Chaotic printing: using chaos to fabricate densely packed micro- and nanostructures at high resolution and speed

• Published in: Materials horizons Vol. 5; no. 5; pp. 813 - 822
• Main Authors: Trujillo-de Santiago, Grissel, Alvarez, Mario Moisés, Samandari, Mohamadmahdi, Prakash, Gyan, Chandrabhatla, Gouri, Rellstab-Sánchez, Pamela Inés, Byambaa, Batzaya, Abadi, Parisa Pour Shahid Saeed, Mandla, Serena, Avery, Reginald K, Vallejo-Arroyo, Alejandro, Nasajpour, Amir, Annabi, Nasim, Zhang, Yu Shrike, Khademhosseini, Ali
• Format: Journal Article
• Language: English
• Published: England Royal Society of Chemistry 01.09.2018
• Subjects: Beads; Biomedical materials; Catalysis; Deformation; Fluorescence; High resolution; Lamellar structure; Microstructure; Nanostructure; Three dimensional printing
• ISSN: 2051-6347; 2051-6355; 2051-6355
• DOI: 10.1039/c8mh00344k

Nature generates densely packed micro- and nanostructures to enable key functionalities in cells, tissues, and other materials.
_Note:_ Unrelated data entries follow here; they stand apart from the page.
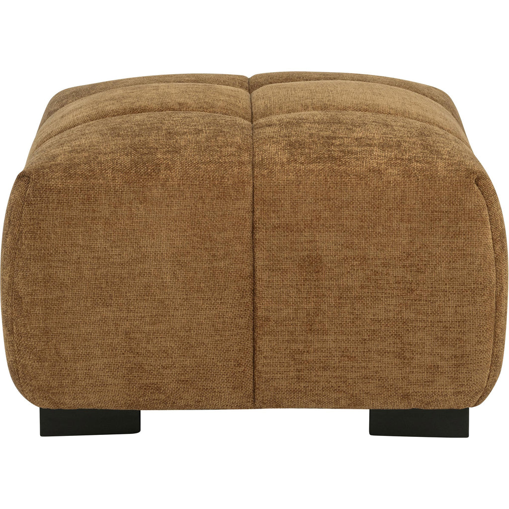 • Ottoman in amber fabric showcases sculptural volume and plush vertical grid tufting
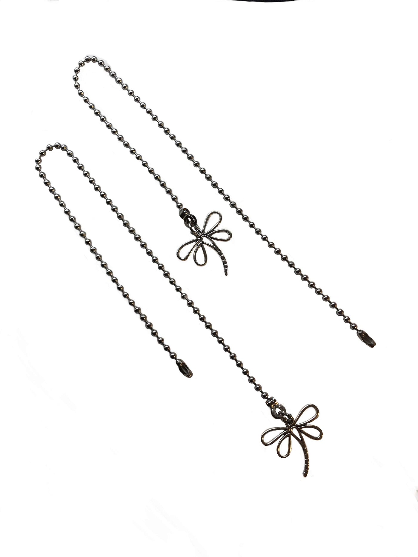 Add Some Personal Flair To Your Pull Switches To Your Lights Or Fans. These Beautiful, Decorative Light Pulls Act As A Pull Chain Extension Or Replacement. Simply Remove The Existing Ornament From Your Current Ball Chain And Connect These Two For The Lamp And For The Fan. Approximately 12 Metal Ball Chain. They Each Come With A Ball Chain Coupler For You To Add Them To The Existing Chain. The Couplers Fit 2.8 - 3.2Mm (The Average Size Of Many Pull Chains For Ceiling Fans) So Be Sure To Check The Size Of Your Current Chain. Largest Measurements 13.88 X 1.24 X 0.15. If The Chain Is Too Long, It Can Be Cut To Desired Length. These Are Pewter Dragonflies And Over Time May Tarnish. Polish Will Clear That Up.
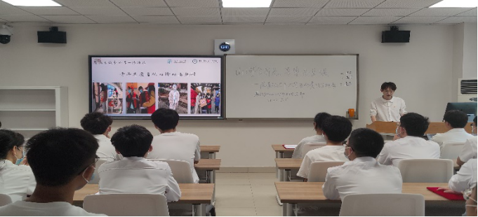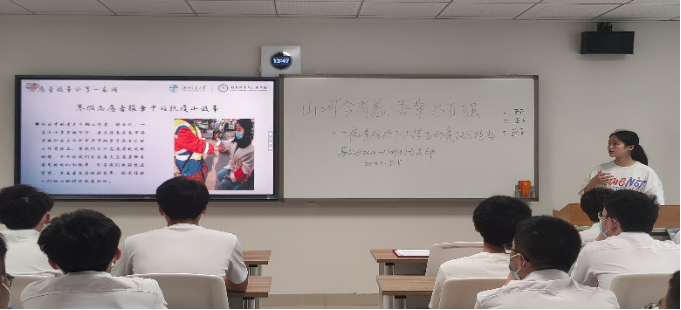 班会第三个环节——“承时代之风 诉青年之志”。老员工不仅要做遵守防疫要求的表率,更要争做参与防疫志愿服务的排头兵。班上的陈诗怡和易玥同学曾在地方参与疫情防控志愿服务工作,他们为大家动情讲述了自己参与防疫志愿服务工作期间的点滴见闻和心得体会。同学们在倾听中领会到疫情防控工作的不易,更感受到担当和奉献的青春荣光。
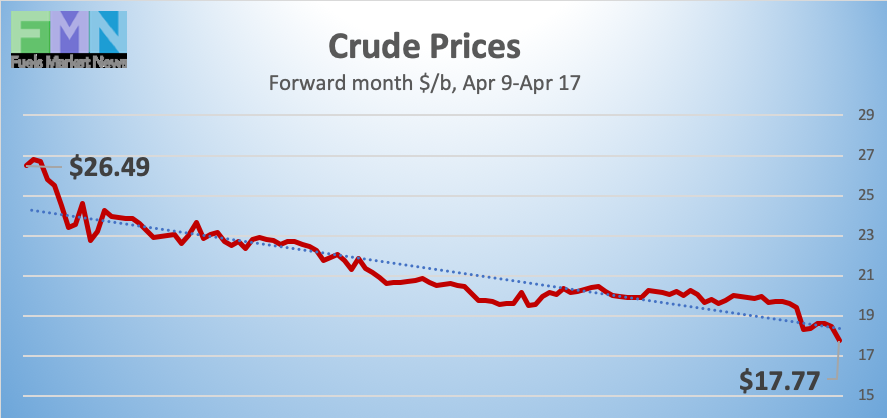 WTI (West Texas Intermediate) crude forward prices opened on the NYMEX on Thursday, April 9, at $26.28/b. Buying interest had risen before the Good Friday holiday in anticipation of the OPEC++ meeting. The meeting results fell short of what had been hoped for, but even a high-end agreement would have fallen short of coping with the extensive demand destruction. Prices fell every day since to open at $20.00/b on Friday, April 17. The Thursday-to-Friday closure week brought a loss of $6.28/b (23.9%). WTI futures prices dipped to a low of $19.20/b on Wednesday upon news of a huge inventory build. Today, even this low point has been broken, with WTI prices dipping to $17.31/b. WTI prices are hovering around $18/b currently. The latest price is $18.02/b.
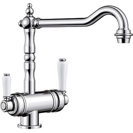 Один совмещенный излив для питьевой и обычной воды с разделением рассекателя.
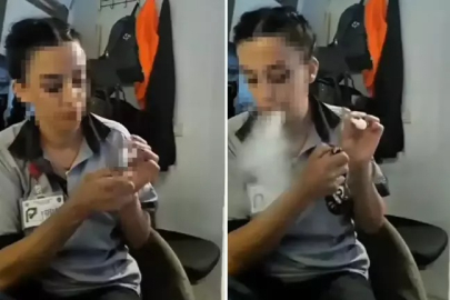 Güvenlik görevlisi kadın görev sırasında uyuşturucu madde içerken görüntülendi
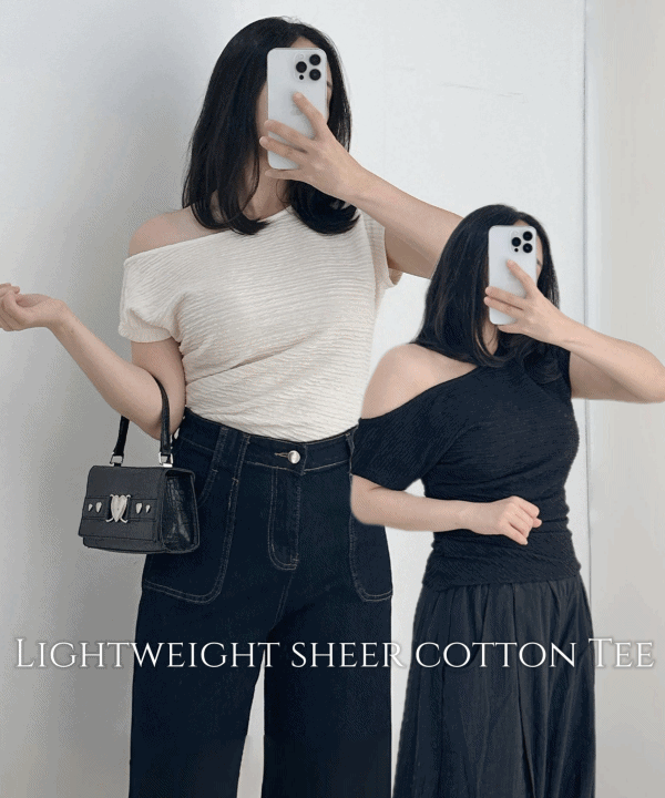 [✨날씬핏/통통녀] 원숄더 지지미 시어서커 언발 오프숄더 슬림 플리츠 반팔 티셔츠

Current fabrication techniques, due to limitations in resolution and speed, are far less effective at creating microstructures. Yet, the development of extensive amounts of surface area per unit volume will enable applications and manufacturing strategies not possible today. Here, we introduce chaotic printing-the use of chaotic flows for the rapid generation of complex, high-resolution microstructures. A simple and deterministic chaotic flow is induced in a viscous liquid, and its repeated stretching and folding action deforms an "ink" ( , a drop of a miscible liquid, fluorescent beads, or cells) at an exponential rate to render a densely packed lamellar microstructure that is then preserved by curing or photocrosslinking. This exponentially fast creation of fine microstructures exceeds the limits of resolution and speed of the currently available 3D printing techniques. Moreover, we show that the architecture of the microstructure to be created with chaotic printing can be predicted by mathematical modelling. We envision diverse applications for this technology, including the development of densely packed catalytic surfaces and highly complex multi-lamellar and multi-component tissue-like structures for biomedical and electronics applications.